Prompt: No pictures belong in the copy. Retype exactly, and only, the stretch of lines below from the one with "Khi chuyển đổi" through the one with "São 440m² , living".

(Data for this task)

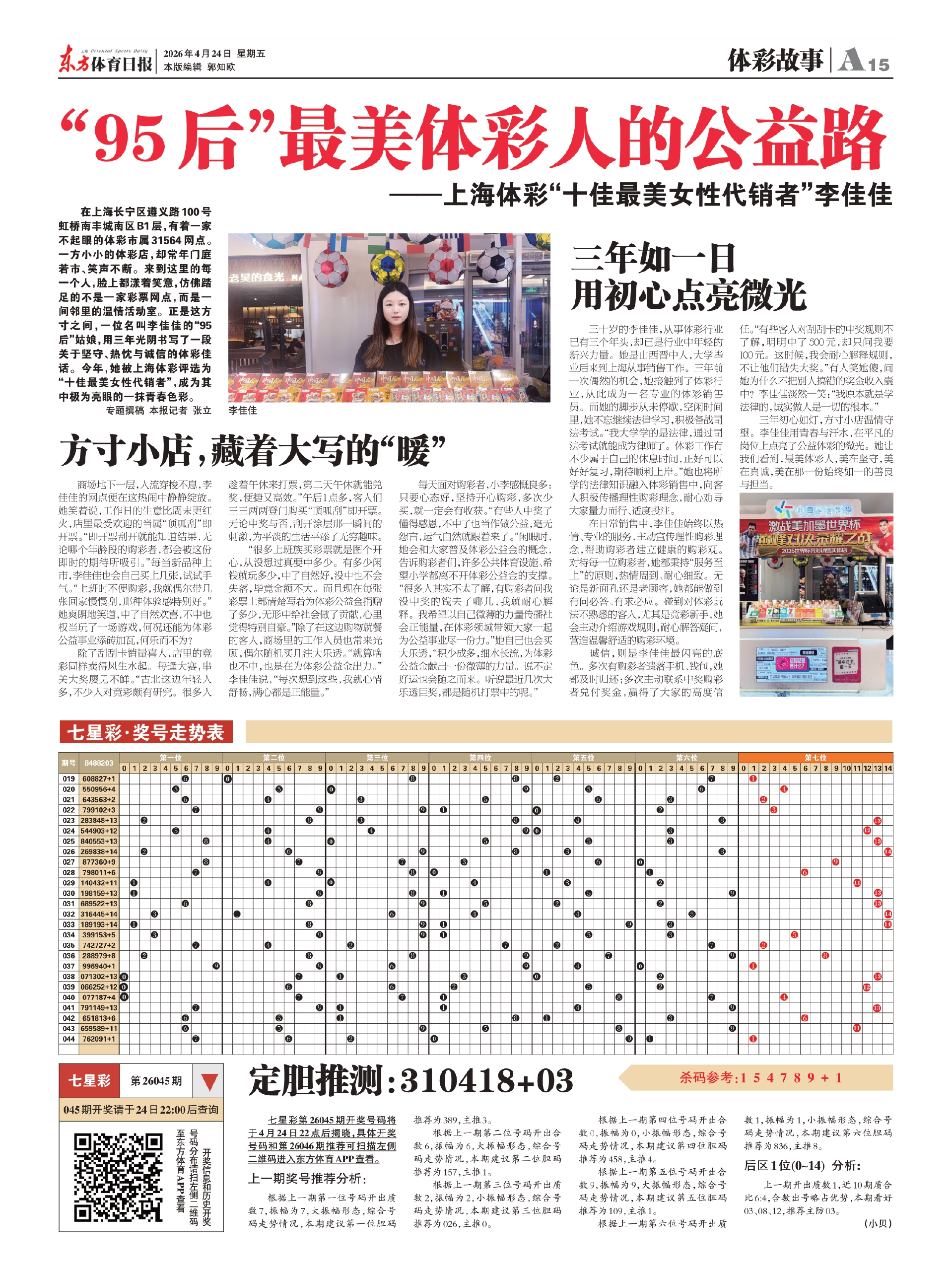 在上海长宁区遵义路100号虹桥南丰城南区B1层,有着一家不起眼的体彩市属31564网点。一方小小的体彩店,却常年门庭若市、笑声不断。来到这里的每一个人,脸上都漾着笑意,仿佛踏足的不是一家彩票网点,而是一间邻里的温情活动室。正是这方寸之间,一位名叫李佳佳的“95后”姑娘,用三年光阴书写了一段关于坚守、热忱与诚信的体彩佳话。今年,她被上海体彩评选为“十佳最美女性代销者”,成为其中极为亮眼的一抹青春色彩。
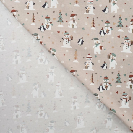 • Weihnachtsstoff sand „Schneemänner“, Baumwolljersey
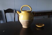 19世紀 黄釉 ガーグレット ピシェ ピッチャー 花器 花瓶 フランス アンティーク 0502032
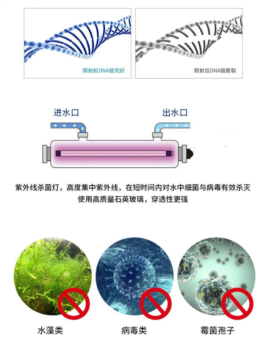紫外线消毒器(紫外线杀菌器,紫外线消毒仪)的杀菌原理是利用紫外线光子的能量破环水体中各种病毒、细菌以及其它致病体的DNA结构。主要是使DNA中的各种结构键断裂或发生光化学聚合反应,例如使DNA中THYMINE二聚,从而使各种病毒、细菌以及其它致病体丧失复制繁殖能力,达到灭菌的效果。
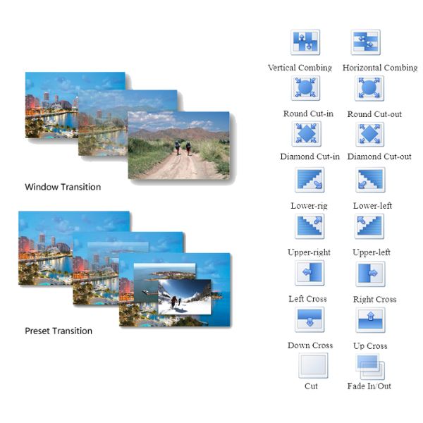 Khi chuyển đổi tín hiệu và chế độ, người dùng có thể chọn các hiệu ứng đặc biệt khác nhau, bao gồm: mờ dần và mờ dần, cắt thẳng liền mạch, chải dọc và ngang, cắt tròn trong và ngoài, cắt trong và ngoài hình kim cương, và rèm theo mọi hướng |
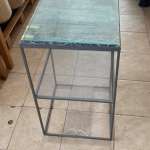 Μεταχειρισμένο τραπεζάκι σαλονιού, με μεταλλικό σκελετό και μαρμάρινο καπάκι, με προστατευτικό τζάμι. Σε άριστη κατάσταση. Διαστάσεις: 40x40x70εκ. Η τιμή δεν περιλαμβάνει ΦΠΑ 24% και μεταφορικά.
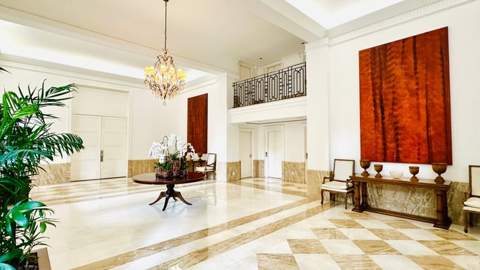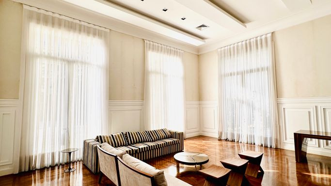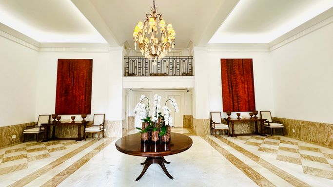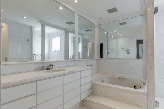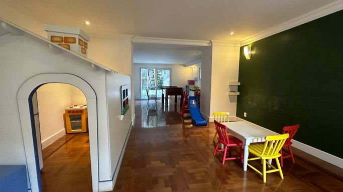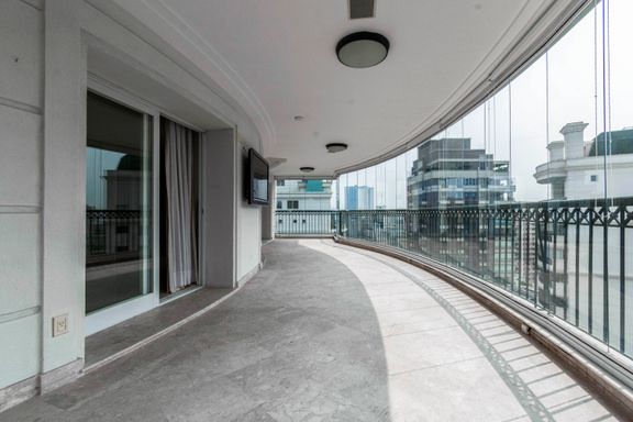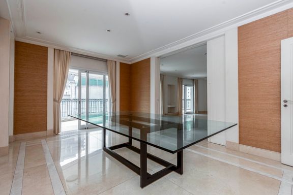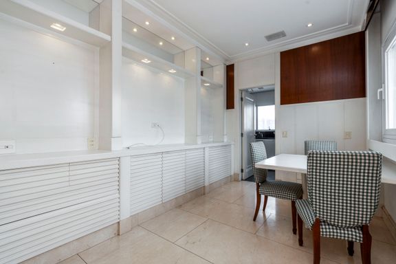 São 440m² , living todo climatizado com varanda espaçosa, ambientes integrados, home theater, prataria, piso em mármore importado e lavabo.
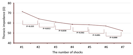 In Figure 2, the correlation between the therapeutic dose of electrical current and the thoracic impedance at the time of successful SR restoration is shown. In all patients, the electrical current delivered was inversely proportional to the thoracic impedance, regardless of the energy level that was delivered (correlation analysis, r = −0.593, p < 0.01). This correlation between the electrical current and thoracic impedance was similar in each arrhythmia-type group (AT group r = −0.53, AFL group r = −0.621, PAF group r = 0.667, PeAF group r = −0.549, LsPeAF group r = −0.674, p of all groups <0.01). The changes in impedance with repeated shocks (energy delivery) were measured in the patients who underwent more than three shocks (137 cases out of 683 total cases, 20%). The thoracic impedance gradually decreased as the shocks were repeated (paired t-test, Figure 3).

(End Data for this task)

Written solution:
 Khi chuyển đổi tín hiệu và chế độ, người dùng có thể chọn các hiệu ứng đặc biệt khác nhau, bao gồm: mờ dần và mờ dần, cắt thẳng liền mạch, chải dọc và ngang, cắt tròn trong và ngoài, cắt trong và ngoài hình kim cương, và rèm theo mọi hướng |
 Μεταχειρισμένο τραπεζάκι σαλονιού, με μεταλλικό σκελετό και μαρμάρινο καπάκι, με προστατευτικό τζάμι. Σε άριστη κατάσταση. Διαστάσεις: 40x40x70εκ. Η τιμή δεν περιλαμβάνει ΦΠΑ 24% και μεταφορικά.
 São 440m² , living todo climatizado com varanda espaçosa, ambientes integrados, home theater, prataria, piso em mármore importado e lavabo.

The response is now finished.